Requirement
Reproduce only this stretch of the listing below: from the line with "Mushrooms 針織連身包屁 彷彿走進了夢幻的魔菇森林,充滿著滿滿的森林童話感。" through the line with "Made on our", exactly as written, with pictures excluded.

= = = = = = =

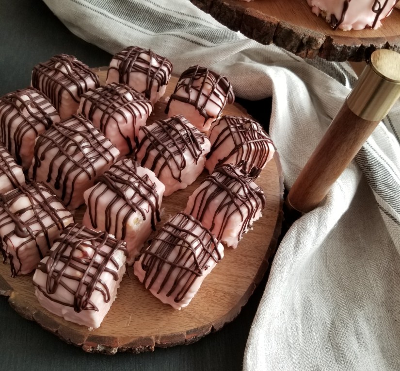 These mini Swiss rolls are reminiscent of Hostess Ho Hos, Little Debbie Swiss Rolls or, in the UK, Cadbury’s Mini Rolls — but with the added kick of peppermint! A thin, chocolatey, light sponge is spread with mint buttercream and rolled up like a tiny Swiss roll, then enrobed in melted chocolate.
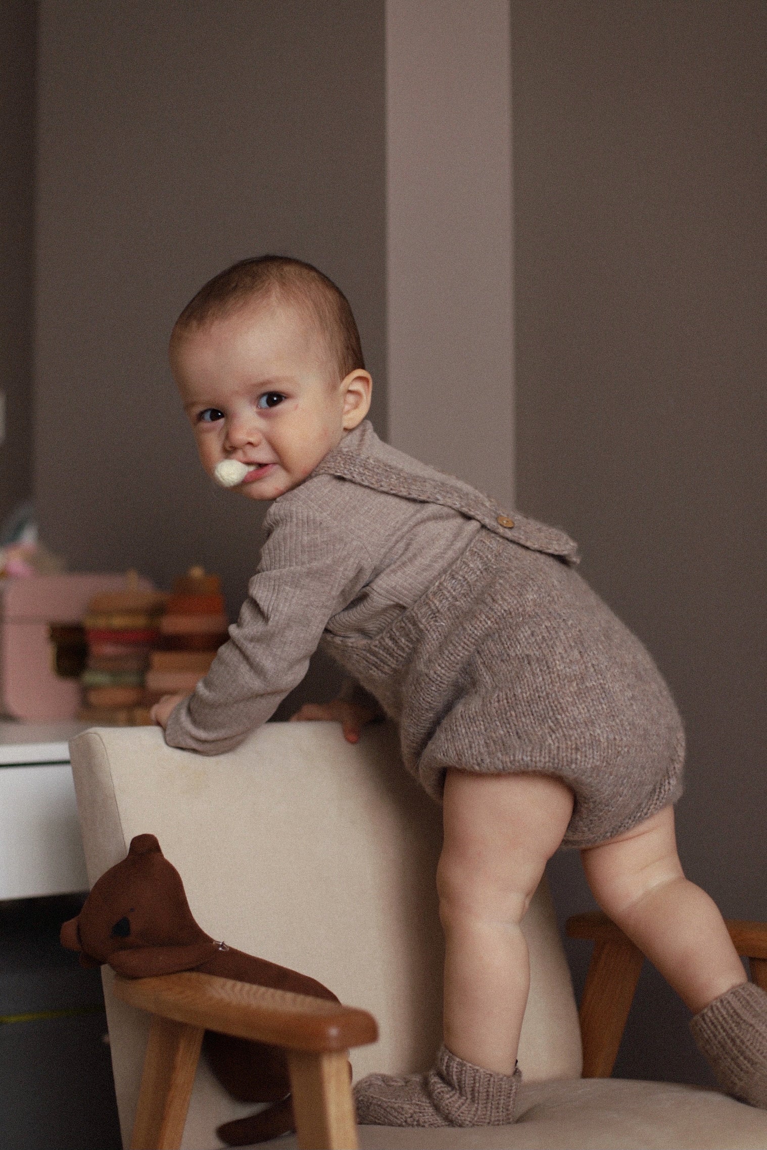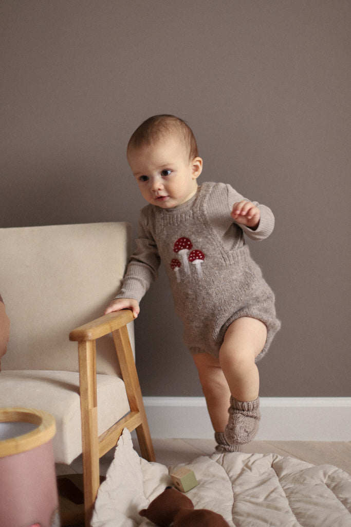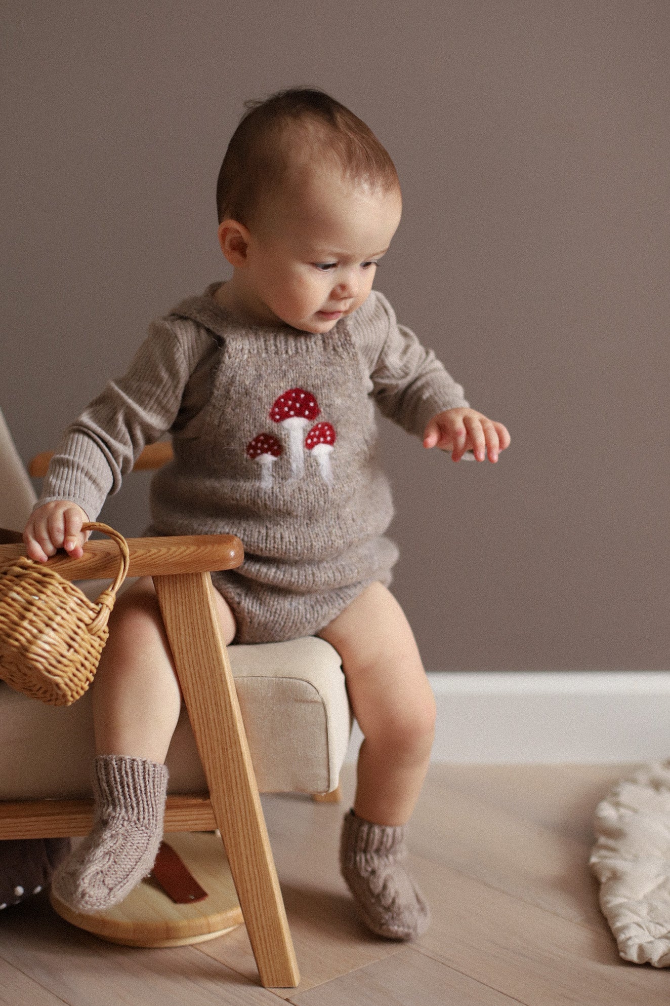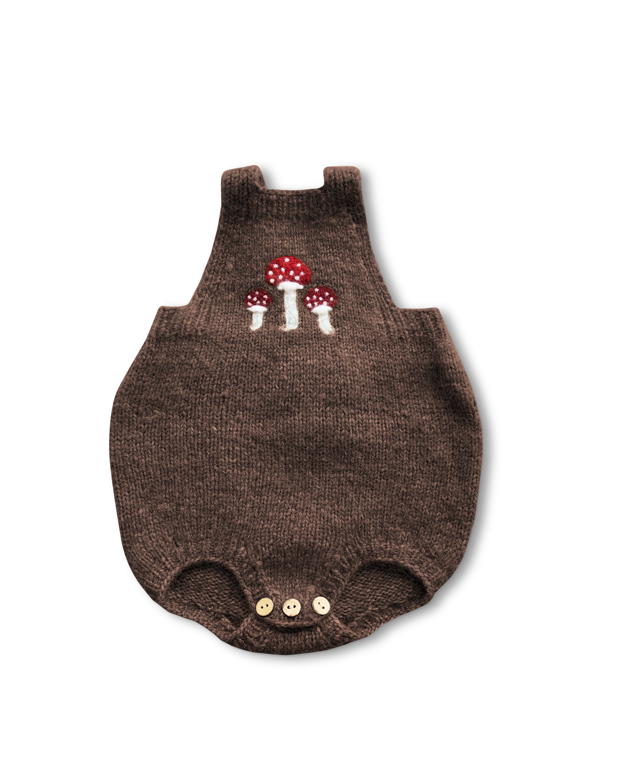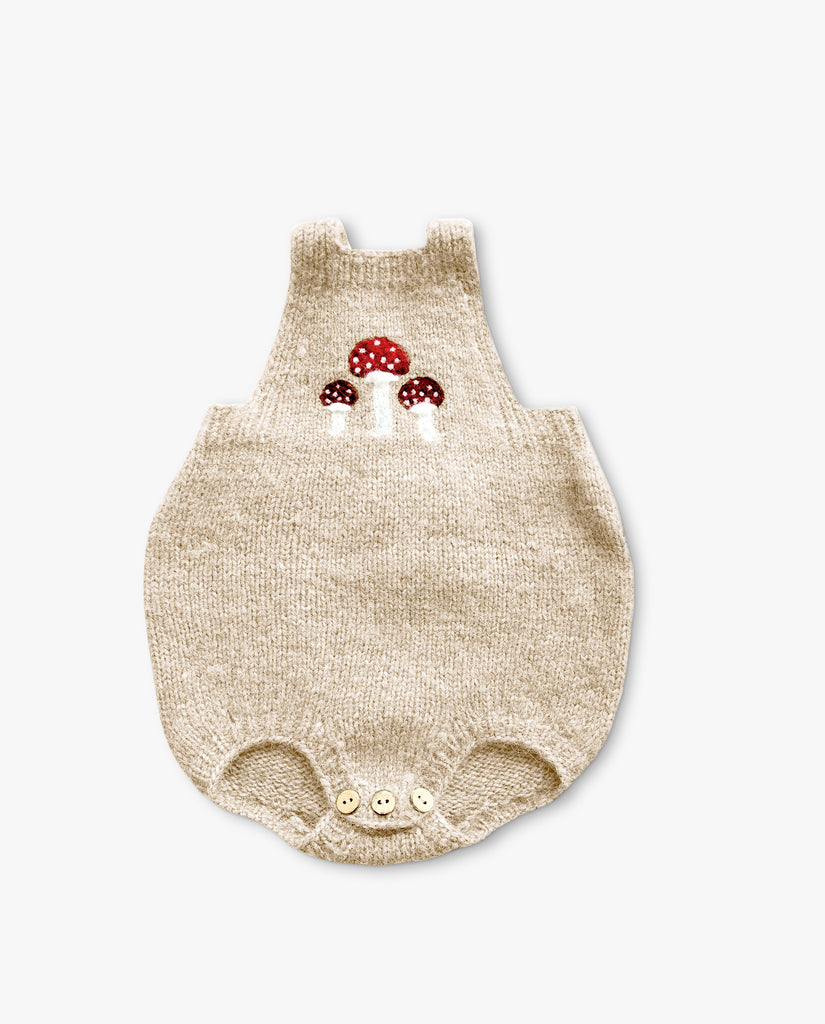 Mushrooms 針織連身包屁 彷彿走進了夢幻的魔菇森林,充滿著滿滿的森林童話感。 這款連身衣由工匠以滿滿的愛與細膩手工編織而成,連身衣上點綴著可愛的蘑菇裝飾,營造溫馨又可愛的森林系穿搭,是陪伴孩子日常的經典手作之選。🌸
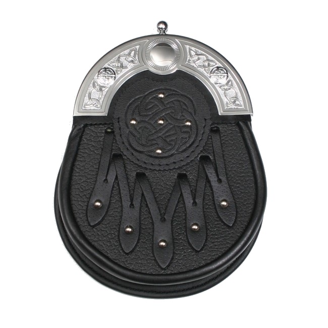 Made on our premises in Glasgow, Scotland using the finest materials. This sporran features an embossed Celtic design with metal studs.
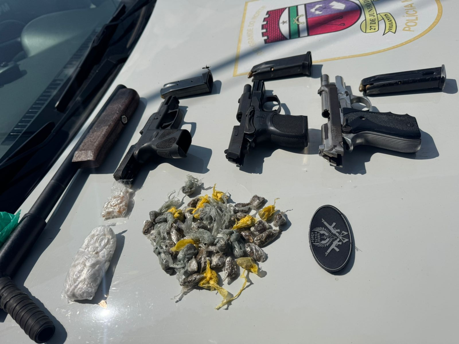 Com eles, a polícia apreendeu quatro armas, sendo três pistolas e uma espingarda calibre 12, além de carregadores e porções de maconha, crack e cocaína. Dos quatro mortos, apenas um foi identificado. O homem já tinha passagem pela polícia por porte ilegal de arma de fogo e era considerado um dos líderes da facção local que agia em Maracajaú.
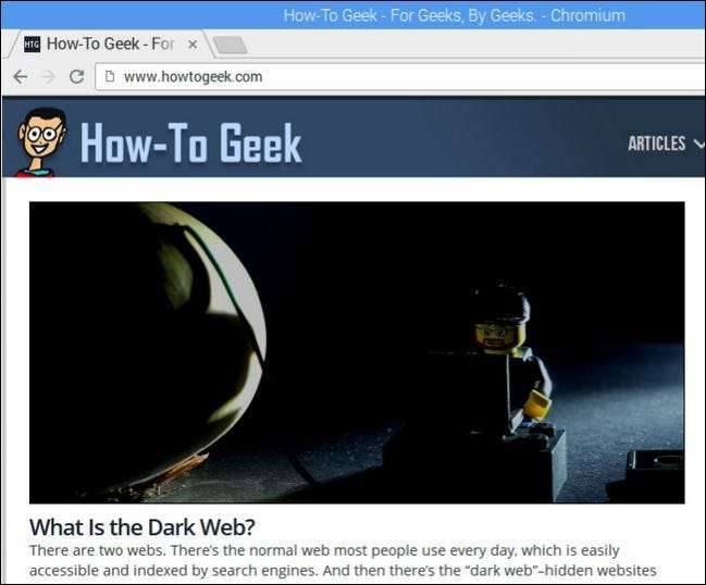Erfolg! Wir haben nicht nur Netzwerkkonnektivität, sondern How-To Geek sieht auf dem leichten Pi genauso gut aus wie auf einem vollwertigen Desktop. Dies wird wahrscheinlich das erste von vielen Malen sein, bei denen Sie überrascht und zufrieden sind, wie leistungsfähig Ihr neuer kleiner Mikrocomputer ist.
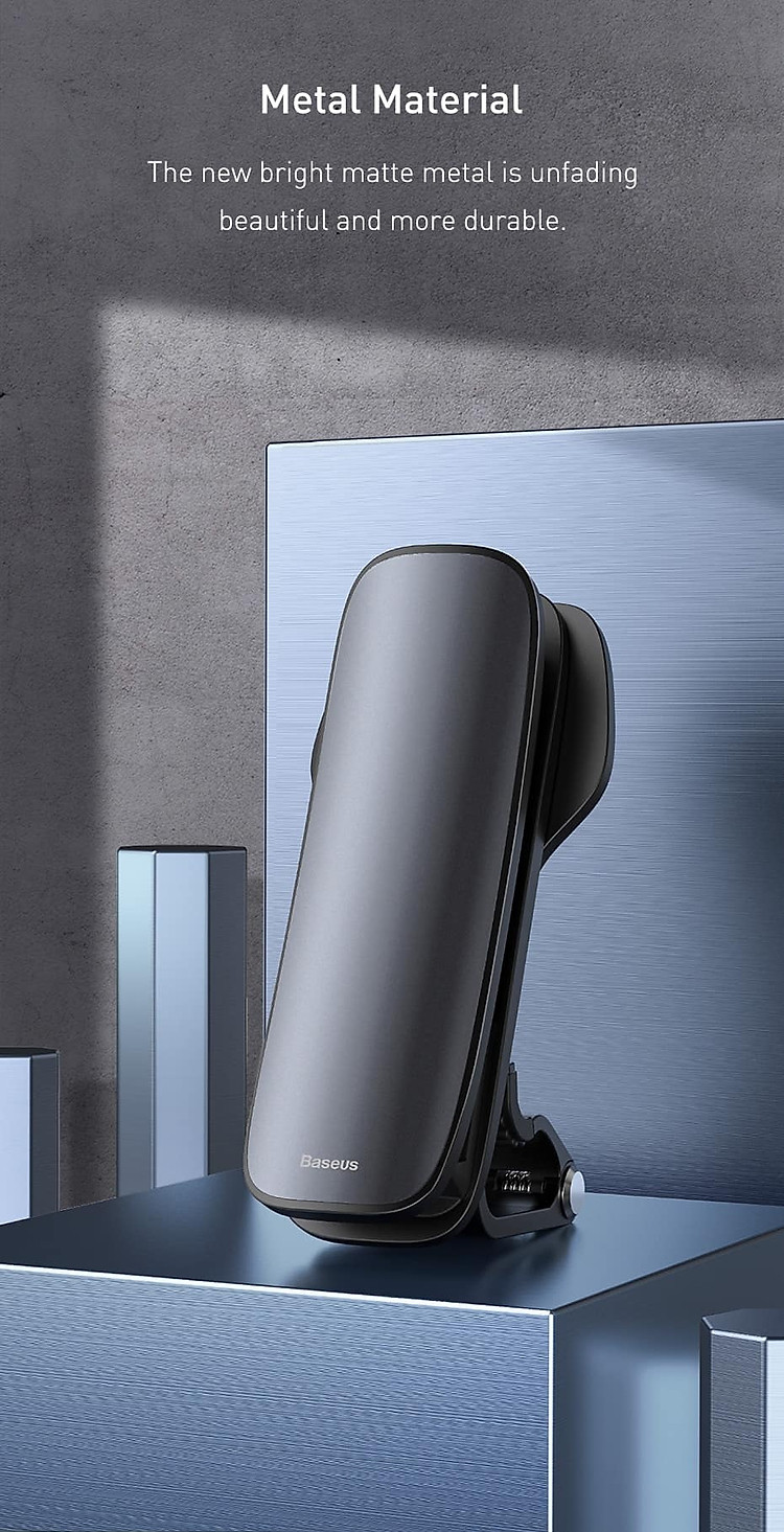 Giá đỡ điện thoại dạng kẹp ngang trên xe ô tô hiệu Baseus Big Mouth Pro Car Mount Được làm từ vật liệu hợp kim cao cấp và công nghệ sơn tĩnh điện cho độ bền màu cao. Chiếc giá đỡ điện thoại của bạn cho cảm giác chạm rất tuyệt và trông cũng rất đẹp.

= = = = = = =

Exercise output
 Mushrooms 針織連身包屁 彷彿走進了夢幻的魔菇森林,充滿著滿滿的森林童話感。 這款連身衣由工匠以滿滿的愛與細膩手工編織而成,連身衣上點綴著可愛的蘑菇裝飾,營造溫馨又可愛的森林系穿搭,是陪伴孩子日常的經典手作之選。🌸
 Made on our premises in Glasgow, Scotland using the finest materials. This sporran features an embossed Celtic design with metal studs.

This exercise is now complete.